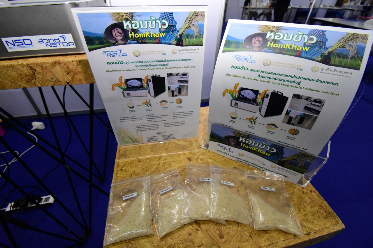 จากผลงานประดิษฐ์คิดค้น เรื่อง “หอมข้าว : อุปกรณ์ตรวจสอบความหอมในข้าวหอมมะลิ แบบพกพาด้วยเทคนิคปัญญาประดิษฐ์” กล่าวว่า นวัตกรรมหอมข้าว : อุปกรณ์ตรวจสอบความหอมในข้าวหอมมะลิแบบพกพาด้วยเทคนิคปัญญาประดิษฐ์พัฒนาขึ้นเพื่อใช้สำหรับตรวจหาค่า 2AP ตรวจวัดและวิเคราะห์ผลได้รวดเร็วด้วย AI ลดความผิดพลาดจากการวิเคราะห์ผล และสามารถถ่ายทอดตัวอย่างการตรวจให้กับเครื่องอื่น ๆ ได้เพื่อเพิ่มความสามารถของเครื่อง และสามารถพกพาสะดวก อีกด้วย
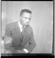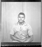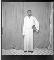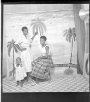 Full shot of 3 people, a young girl standing, wearing a white dress and a young girl sitting, wearing a white shirt and skirt with her hair done and a background with 3 palm trees in the back, facing the studio. (Double)
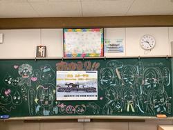 各教室の黒板には、先輩たちからの「お帰りなさい」のメッセージが描かれていて、1年生の心が温かくなりました。
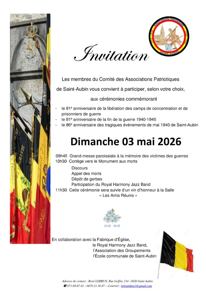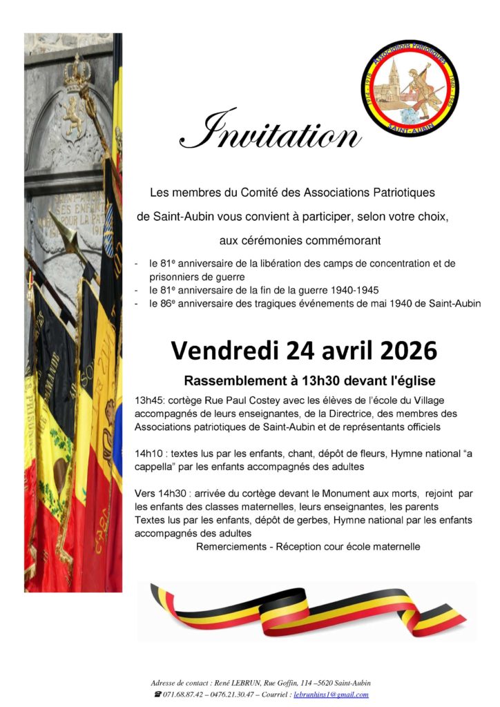 À l’occasion des commémorations du 8 mai, les Associations Patriotiques de Saint-Aubin vous invitent à participer à deux moments de recueillement et de transmission, organisés en collaboration avec les écoles et les acteurs locaux.

> [Work item]: The output should hold only the lines from the one containing "各教室の黒板には、先輩たちか" through the last line of the listing, reproduced exactly, pictures omitted.

> [Answer box]:
 各教室の黒板には、先輩たちからの「お帰りなさい」のメッセージが描かれていて、1年生の心が温かくなりました。
 À l’occasion des commémorations du 8 mai, les Associations Patriotiques de Saint-Aubin vous invitent à participer à deux moments de recueillement et de transmission, organisés en collaboration avec les écoles et les acteurs locaux.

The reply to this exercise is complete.